Alphonso Boone (November 7, 1796 – February 27, 1850) was an American pioneer in what became the state of Oregon. A native of Kentucky, he was the grandson of Daniel Boone, and lived much of his life in Missouri. After immigrating to the Oregon Country, he established Boones Ferry across the Willamette River south of Portland near the present city of Wilsonville.

==Early life==
Alphonso Boone was born on November 7, 1796, in Mason County, Kentucky, to Jesse Bryan Boone and Chloe Van Bibber. The grandson of famed frontiersman Daniel Boone, he moved to Missouri where he lived in the mid-1820s in Montgomery County. Boone later moved to Jefferson City in Cole County, where he ran a trading post in the 1830s to early 1840s. There he supplied emigrants preparing to cross the Great Plains on the Oregon Trail. He married Nancy Linville, a second cousin, on February 21, 1822, and they had 10 children before her death in early 1839. Boone then moved to Independence in 1841 where he continued outfitting wagon trains.

==Oregon==
In 1846, Boone packed up his family and started west along the Oregon Trail himself, eventually taking the Southern Route to the Willamette Valley. He started the journey with his brother-in-law Lilburn Boggs, former Missouri governor, but parted ways when Boggs headed for California. After reaching the valley, Boone took up a land claim along the Willamette River on the south bank between Oregon City and Champoeg. In 1847, along with his son Jesse, he established Boones Ferry across the river. The community of Boones Landing began around the north ferry landing, which later became the city of Wilsonville. The road leading to the ferry landing from the north was cleared by the family and became known as Boones Ferry Road, which still exists today. The route and ferry became an important transit point between Salem and Portland.
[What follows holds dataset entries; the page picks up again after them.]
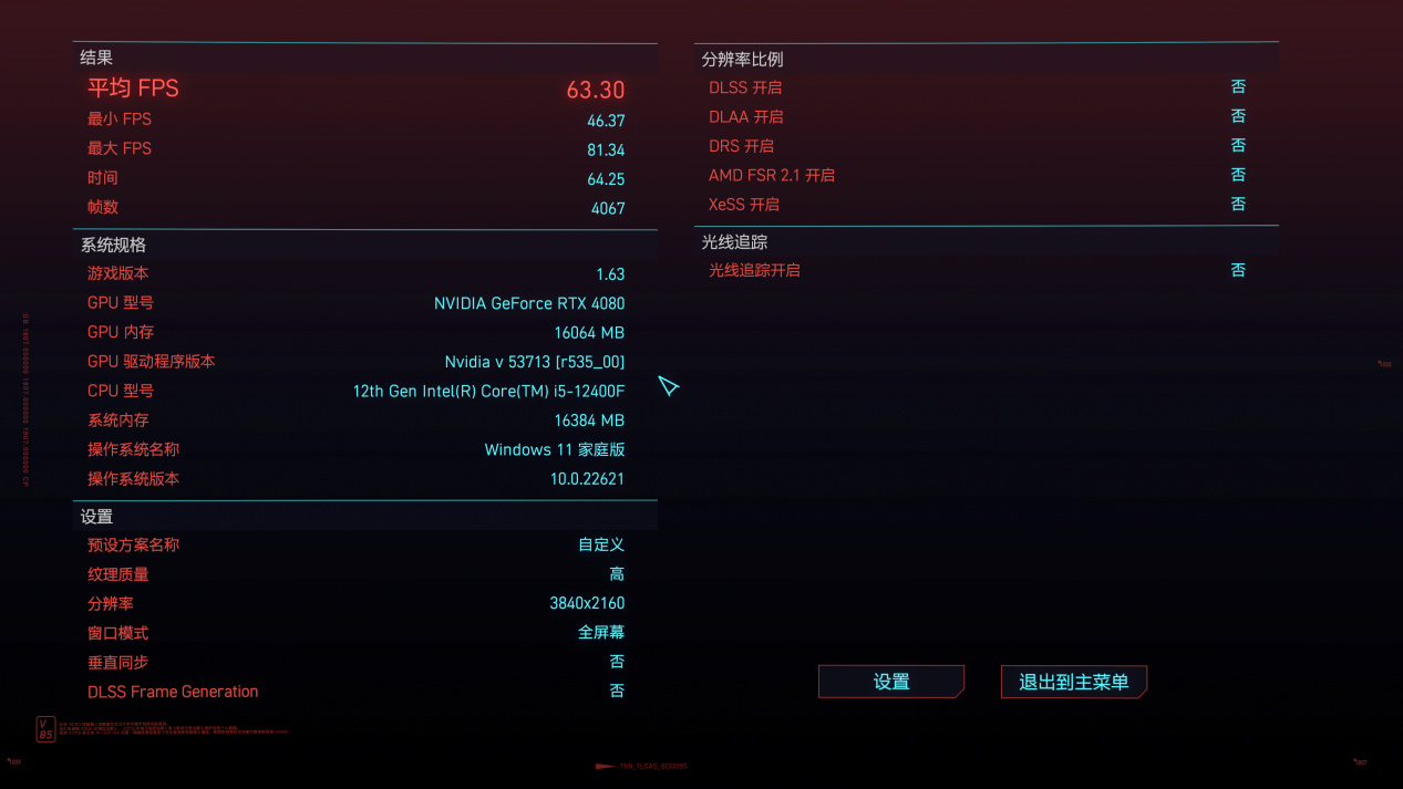 賽博朋克2077 4K分辨率預設超級畫質,平均幀數63幀
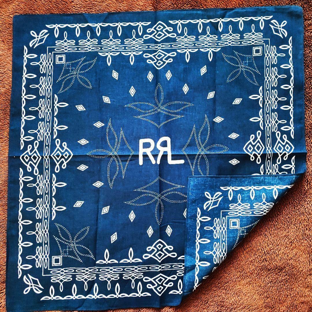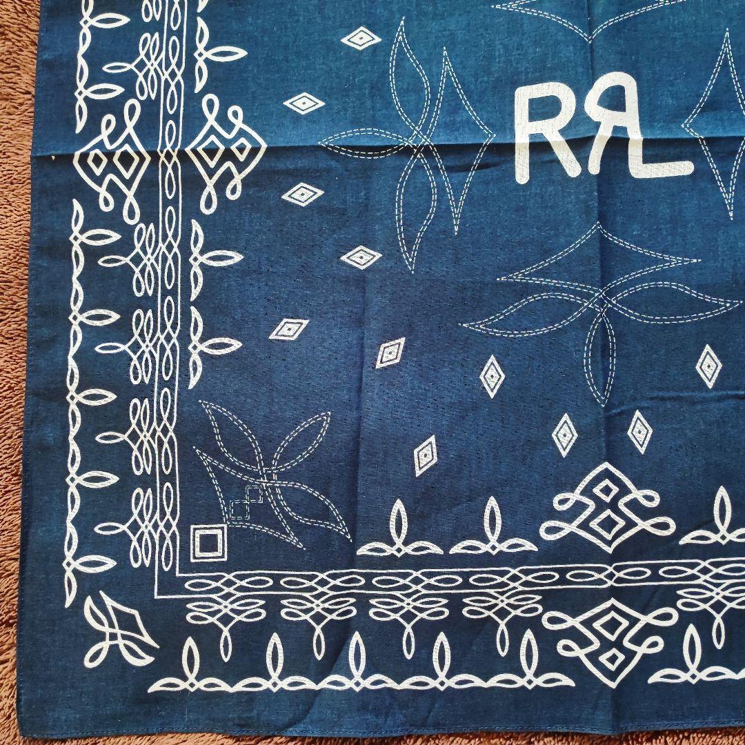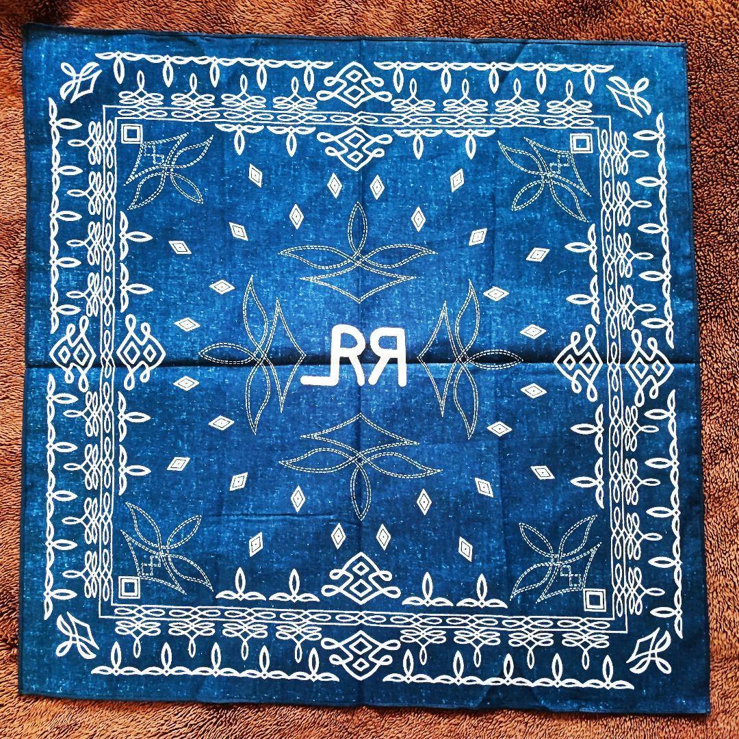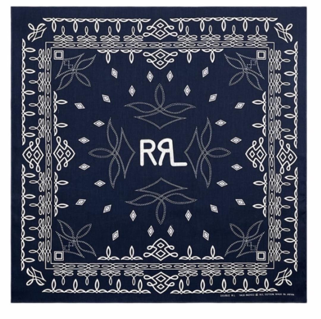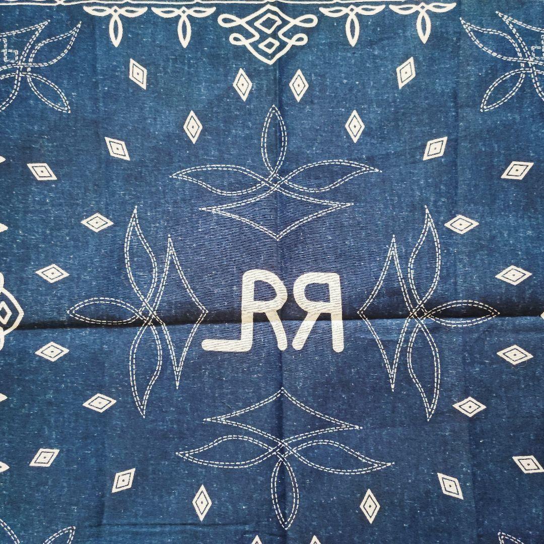 ・ネイビーベースにホワイトの模様が映える、クラシックな雰囲気の大判バンダナです。中央には「RRL」テイストのロゴデザイン入りで、アメカジやヴィンテージファッションとの相性も抜群。
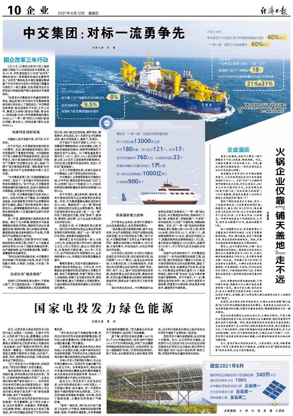 “中交集团是第二批‘交通强国建设试点单位’,担负了一系列重大专项任务研发和前沿课题攻关。”孙子宇说,中交集团将积极构建科技创新体系,加快打造原创技术策源地,实现高水平科技自立自强。
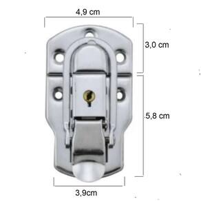 Fecho de metal externo com acabamento cromado para cases e maletas.
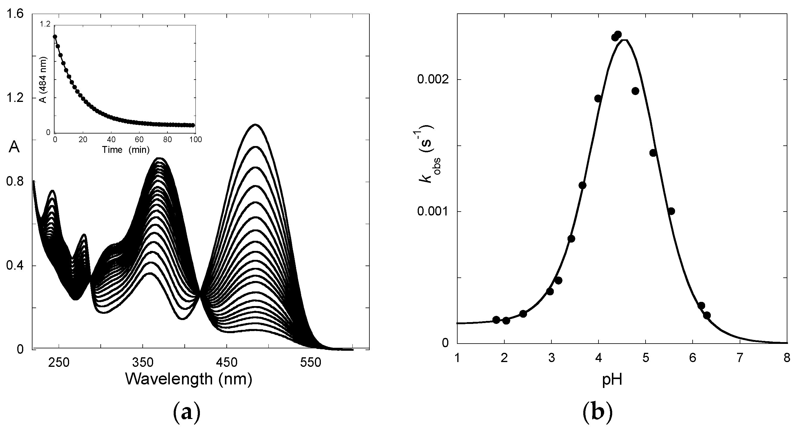 (a) Spectral variations after a direct pH jump 1–5.5; kobs = 1 × 10−3 s−1; (b) Representation of the pH dependent rate constants of the kinetic process to reach the equilibrium after a direct pH jump. Fitting was achieved by means of Equation (12) for the parameters reported in Table 1.
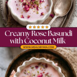 This Delicious Rose Basundi Recipe is a creamy, vegan Indian dessert infused with fragrant rose syrup and delicate spices. Made with coconut milk, vegan creamer, and roasted nuts, this sweet treat is rich and luscious, perfect for special occasions or a flavorful indulgence. Aromatic rose water and edible rose petals add elegance and a floral finish to this traditional favorite.
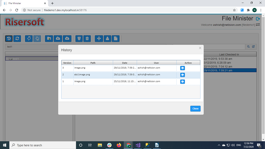 You can select any file and check history of selected file.
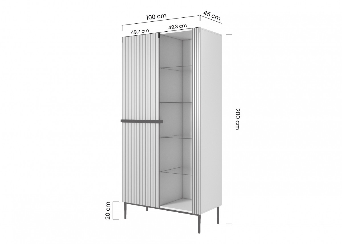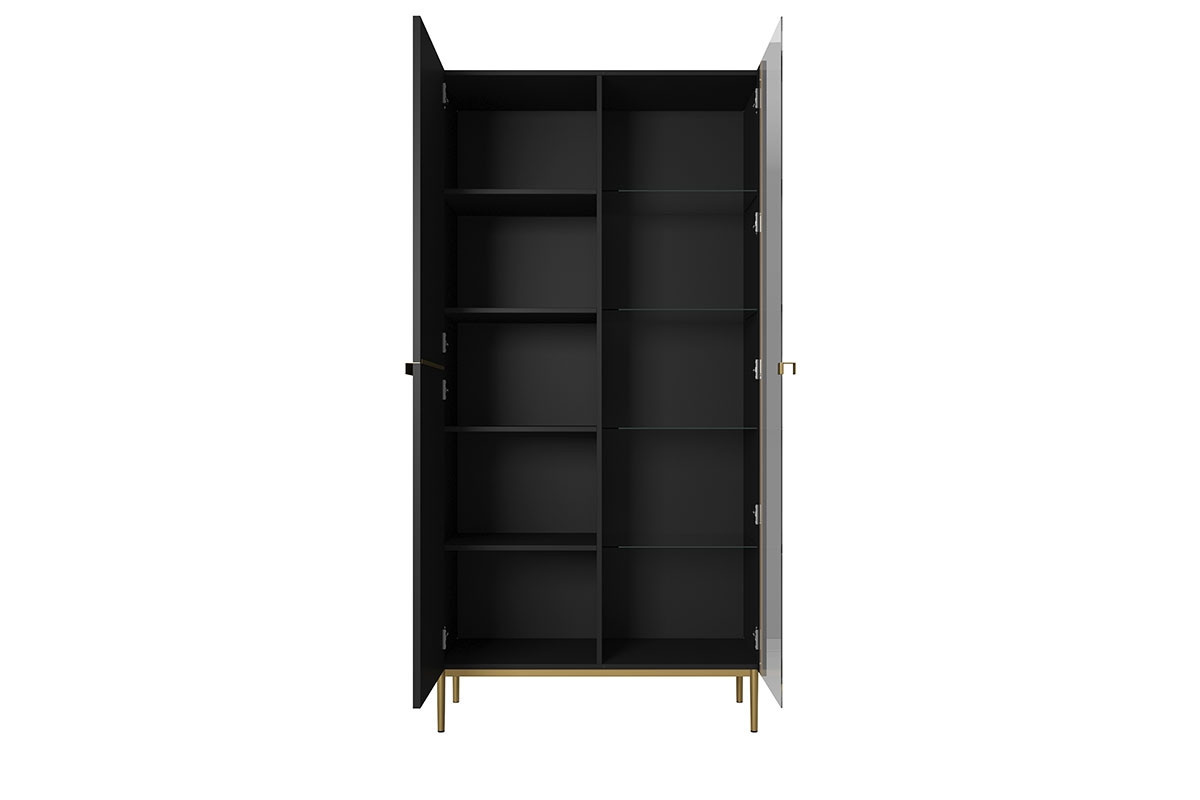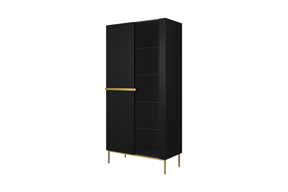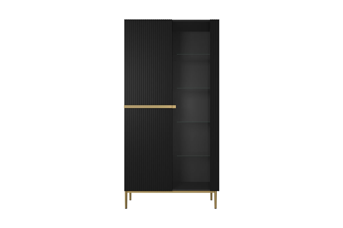 Vitrína Nicole - černý mat / zlaté nožky, Šířka: 100, Výška: 200, Hloubka: 45, Výška nožek: 20
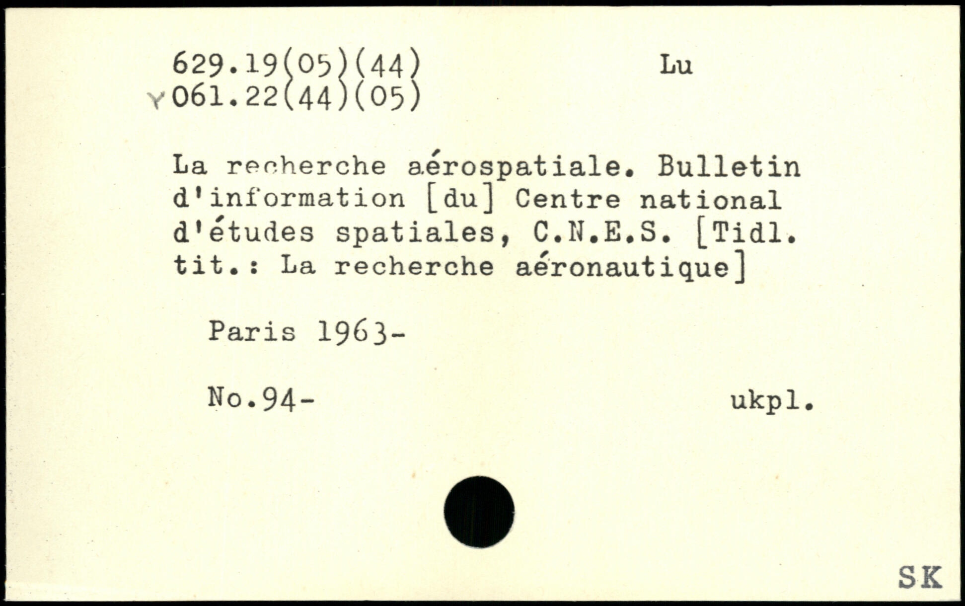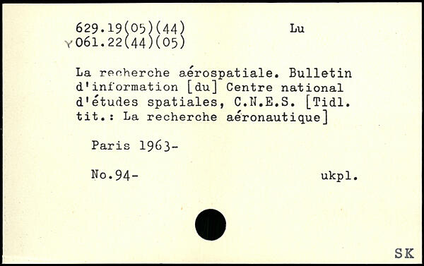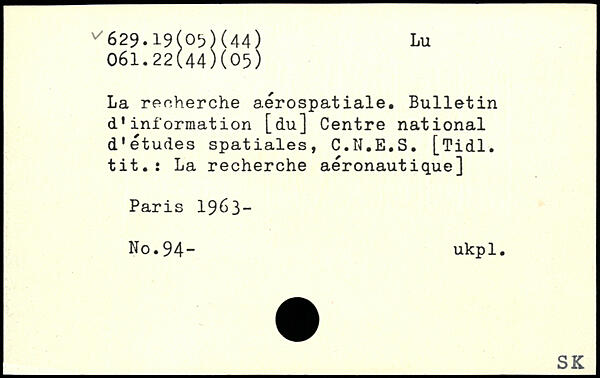 La recherche aérospatiale. Bulletin d'information [du] Centre national d'études spatiales, C.N.E.S. [Tidl. tit.: La recherche aéronautique]
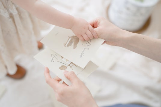 また、1歳の誕生日の行事として親しまれている「選び取り」では、コフレオリジナルの「選び取りカード」をご用意しており、選んだカードと手足型を一緒にディスプレイできる台紙プレゼントが人気の撮影メニューの一つです。

Alphonso and some of his boys left in 1849 for the California Gold Rush. Alphonso Boone died in California on February 27, 1850, along the Feather River near Oroville in Butte County. His daughter Chloe married neighbor and Oregon Territorial Governor George Law Curry in March 1848. His son Jesse continued to operate the ferry until he was murdered in 1872. The ferry continued in operation until 1954.